> [Problem details]:
What you return should be the lines from the one with "This photo taken" through the one with "Padded cover w/" in the data below, reproduced exactly with both ends, and no pictures at all.

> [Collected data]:
********
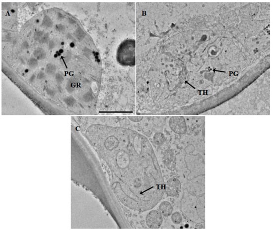 Figure 2. Ultrastructure of mesophyll cells from green (A) and yellow (C) sectors of variegated leaf, and the full-yellow juvenile leaf (B). GR: grana; TH: thylakoid; PG: plastoglobule. Scale bar = 2 μm.
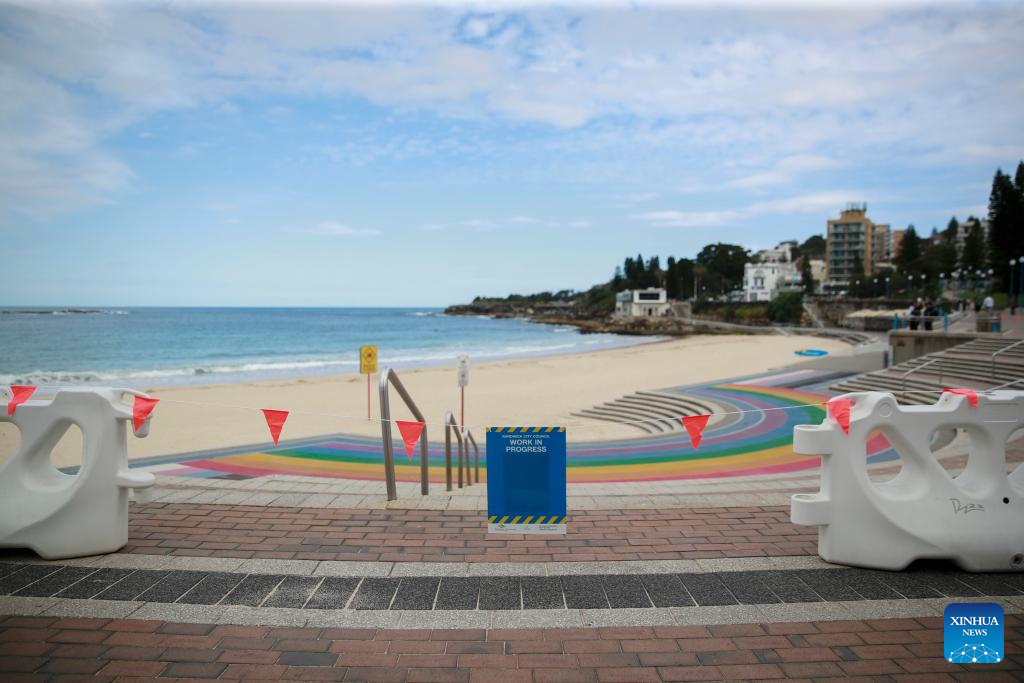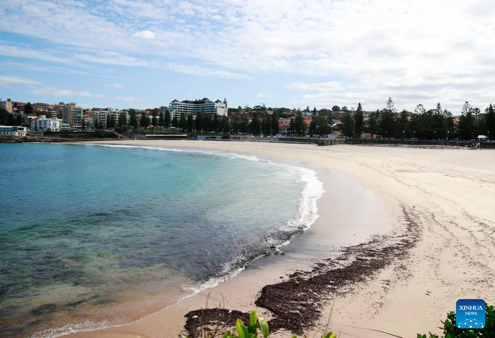 This photo taken on Oct. 16, 2024 shows the closed Coogee Beach in Sydney, Australia. The popular beach in Sydney has been closed to the public after mysterious black balls of debris washed ashore.(Xinhua/Ma Ping)
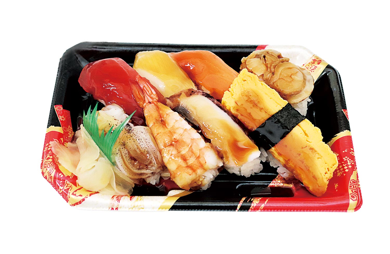 『オギノ』訪問で、最初にチェックすべきは「かいじ寿司」。普通の握りと半々ぐらいの割合で寿司売り場に並んでいるので、市民の好みも半々なのでしょう。
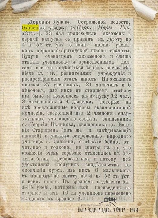 Источник: Пермские губернские ведомости .- 1894.- 23 июня 23 мая состоялись экзамены и первый выпуск с правом на льготу по 4-му п. 56-й статьи Устава о воинской повинности учеников церковно-приходской школы грамоты. Будучи очевидцем экзаменов и слыша ответы учеников, я считаю своим нравственным долгом поделиться впечатлением с господами ревнителями учреждения и распространения этих школ. На экзамен явилось 27 учеников: 21 мальчик и 6 девочек. Из них в старшем отделении было и готовилось к выпуску 12 человек (8 мальчиков и 4 девочки), которые на все предложенные вопросы экзаменационной комиссии отвечали бойко, отчетливо и толково. Комиссия, состоящая из двух членов епархиального училищного совета – священника о. Георгия Пьянкова, священника о. Евгения Старицына (он же и заведующий школой) и учителя Острожского народного училища г. Салмана, очень серьезно относилась к делу и была требовательна. Поэтому все удостоились получить свидетельства об окончании курса, из них 8 мальчиков – с прав
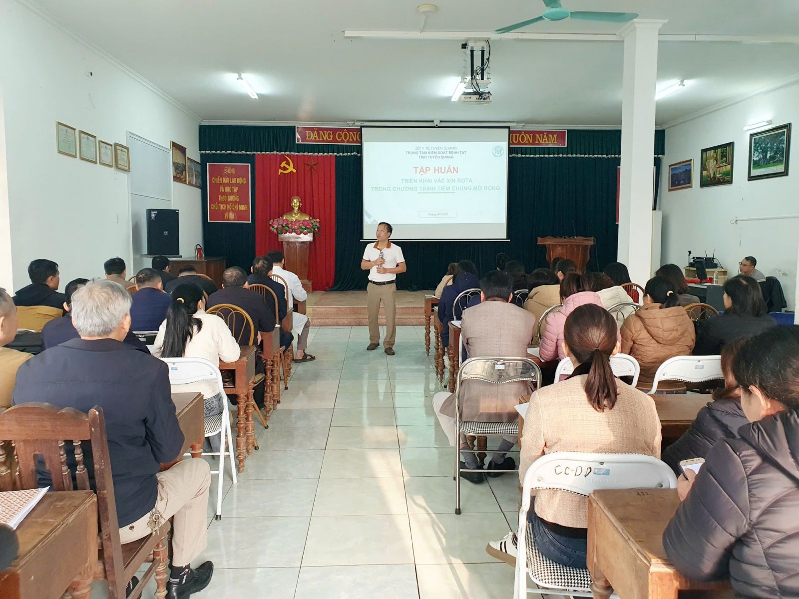 Sáng 03/01/2025, TTYT huyện Chiêm Hóa phối hợp với Trung tâm Kiểm soát bệnh tật tỉnh tổ chức tập huấn hướng dẫn triển khai vắc xin Rota trong Chương trình tiêm chủng mở rộng (TCMR) cho 50 học viên, là cán bộ y tế chuyên trách, cán bộ y tế tham gia hoạt động tiêm chủng mở rộng thuộc trạm Y tế các xã, thị trấn.
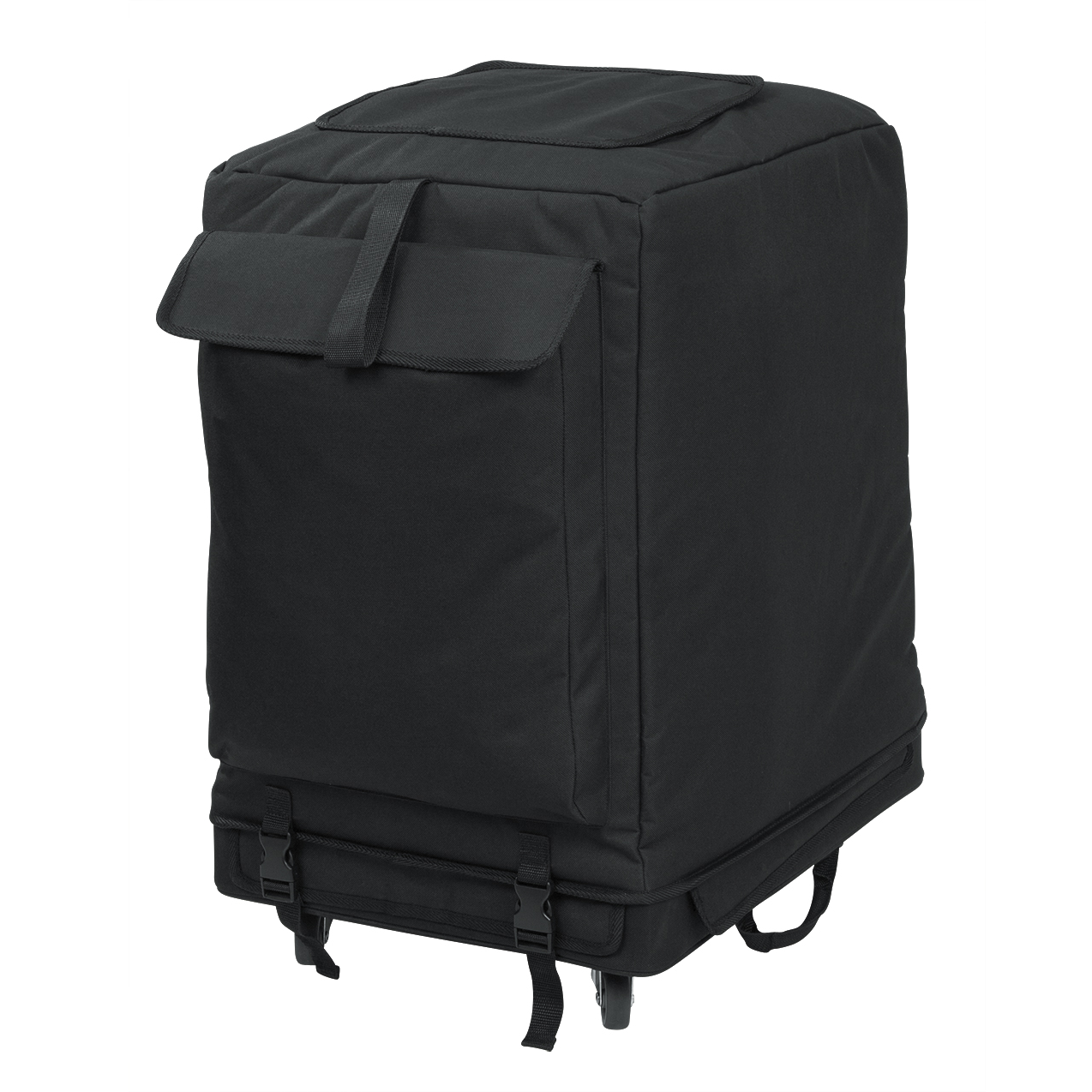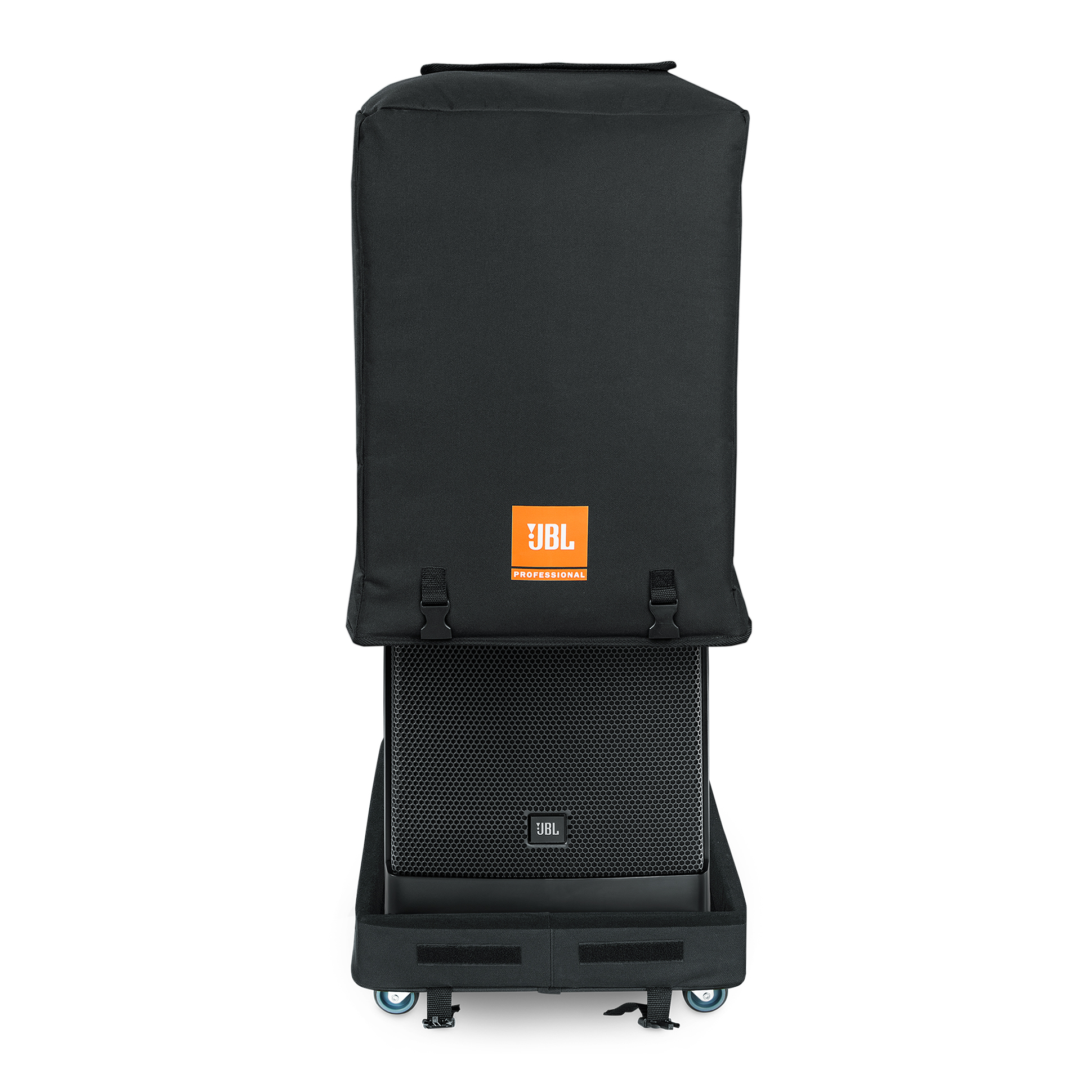 Padded cover w/ lightweight rolling base for EON ONE system, includes large back pocket and swivel casters with integrate pull behind strap and lifting handles, cover top handle cutout, printed JBL logo
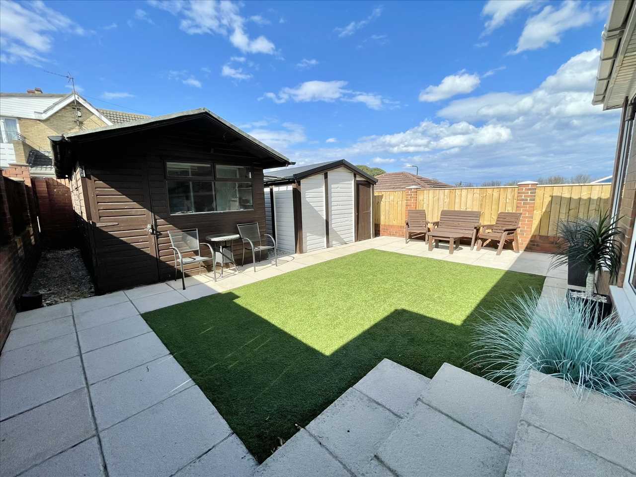 The garden itself includes an artificial lawn, paving/patio areas, exterior lighting, an outside tap and enjoys an aspect towards the coastline.
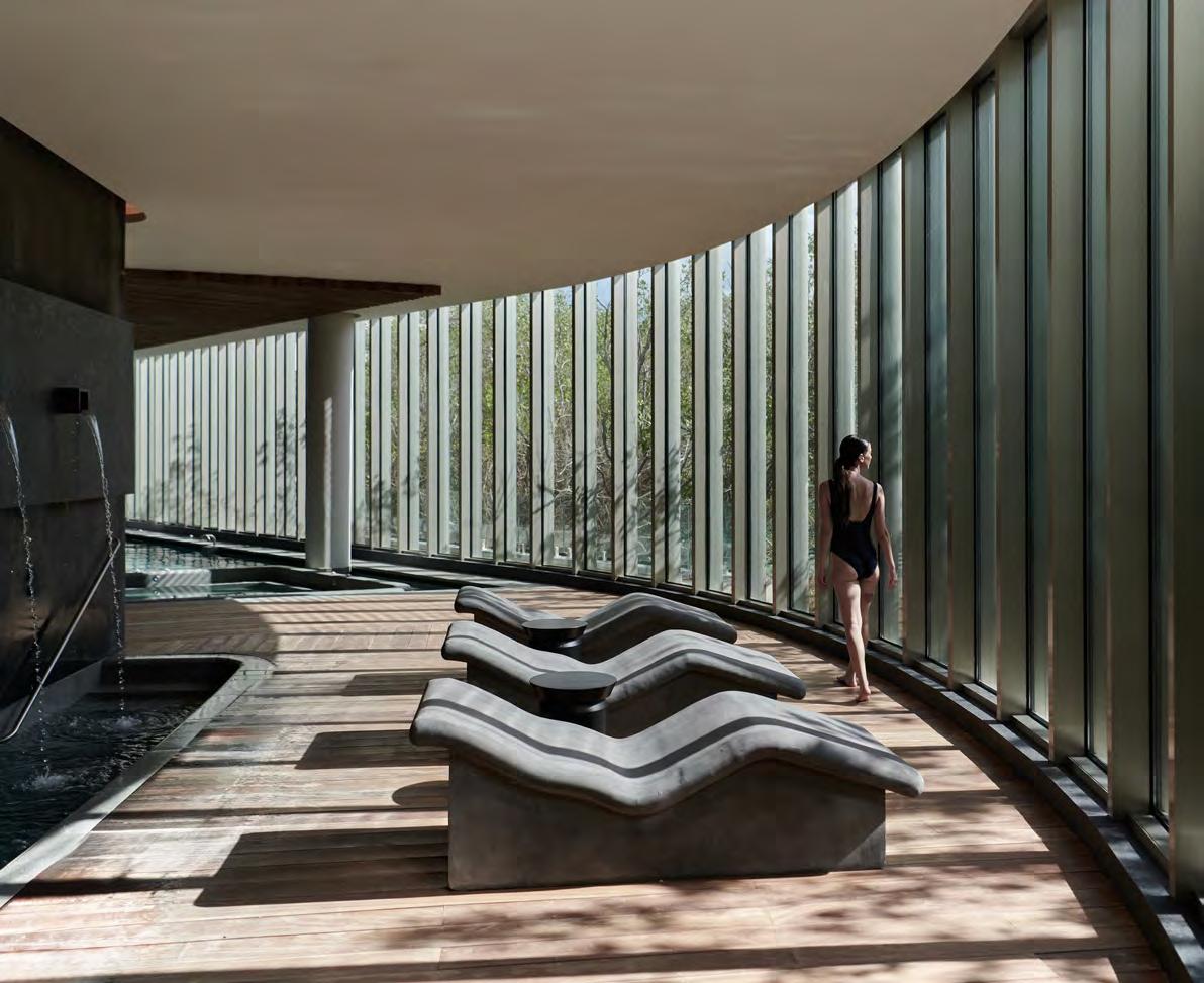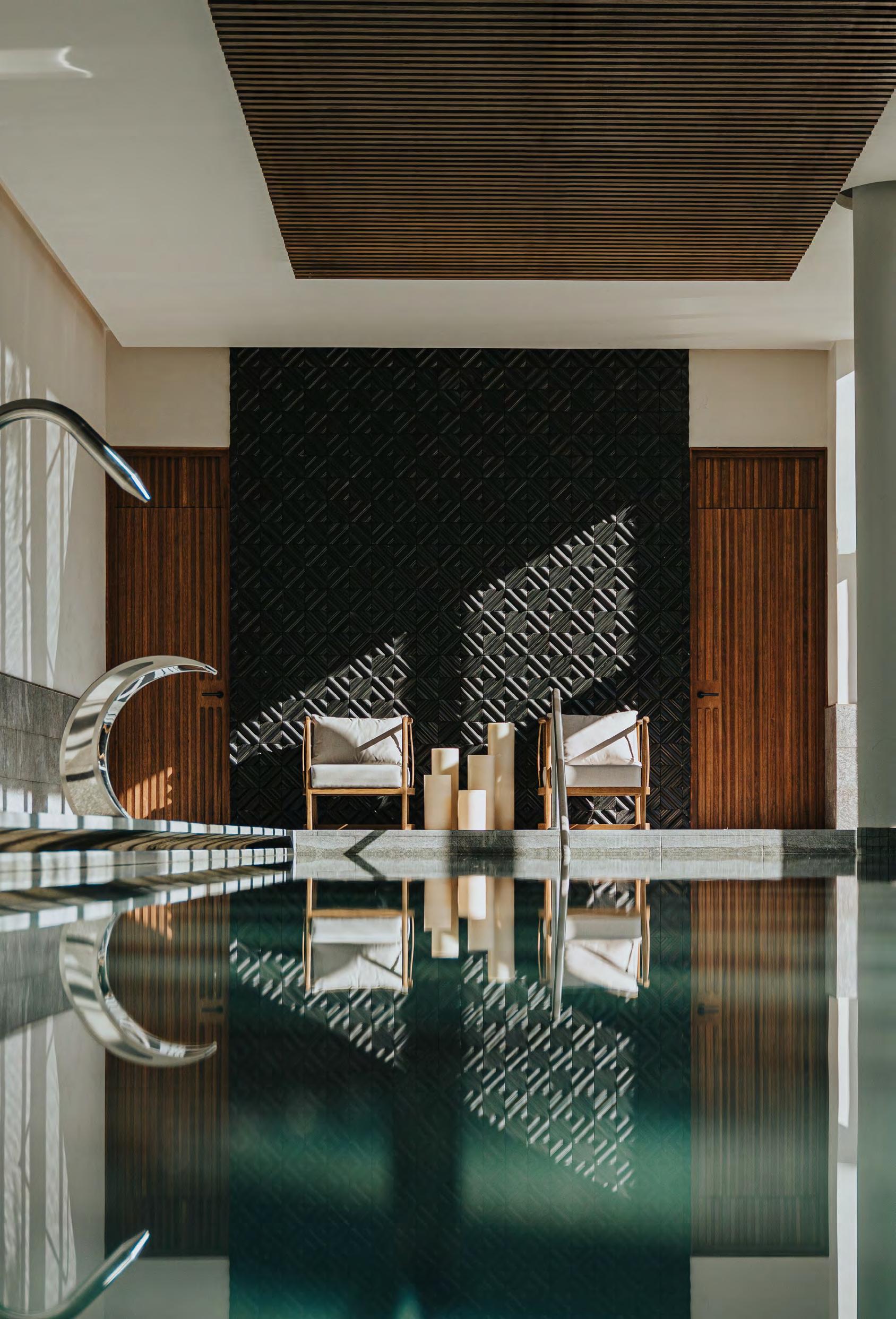 En la planta baja, un ritual más tranquilo espera. En colaboración con Susanne Kaufmann, el spa se despliega como un santuario de madera, agua y silencio. Entre sauna y piscina, el tiempo suaviza su paso; la naturaleza y la ciencia comparten un lenguaje común de cuidado.
********
> [Expected output]:
 This photo taken on Oct. 16, 2024 shows the closed Coogee Beach in Sydney, Australia. The popular beach in Sydney has been closed to the public after mysterious black balls of debris washed ashore.(Xinhua/Ma Ping)
 『オギノ』訪問で、最初にチェックすべきは「かいじ寿司」。普通の握りと半々ぐらいの割合で寿司売り場に並んでいるので、市民の好みも半々なのでしょう。
 Источник: Пермские губернские ведомости .- 1894.- 23 июня 23 мая состоялись экзамены и первый выпуск с правом на льготу по 4-му п. 56-й статьи Устава о воинской повинности учеников церковно-приходской школы грамоты. Будучи очевидцем экзаменов и слыша ответы учеников, я считаю своим нравственным долгом поделиться впечатлением с господами ревнителями учреждения и распространения этих школ. На экзамен явилось 27 учеников: 21 мальчик и 6 девочек. Из них в старшем отделении было и готовилось к выпуску 12 человек (8 мальчиков и 4 девочки), которые на все предложенные вопросы экзаменационной комиссии отвечали бойко, отчетливо и толково. Комиссия, состоящая из двух членов епархиального училищного совета – священника о. Георгия Пьянкова, священника о. Евгения Старицына (он же и заведующий школой) и учителя Острожского народного училища г. Салмана, очень серьезно относилась к делу и была требовательна. Поэтому все удостоились получить свидетельства об окончании курса, из них 8 мальчиков – с прав
 Sáng 03/01/2025, TTYT huyện Chiêm Hóa phối hợp với Trung tâm Kiểm soát bệnh tật tỉnh tổ chức tập huấn hướng dẫn triển khai vắc xin Rota trong Chương trình tiêm chủng mở rộng (TCMR) cho 50 học viên, là cán bộ y tế chuyên trách, cán bộ y tế tham gia hoạt động tiêm chủng mở rộng thuộc trạm Y tế các xã, thị trấn.
 Padded cover w/ lightweight rolling base for EON ONE system, includes large back pocket and swivel casters with integrate pull behind strap and lifting handles, cover top handle cutout, printed JBL logo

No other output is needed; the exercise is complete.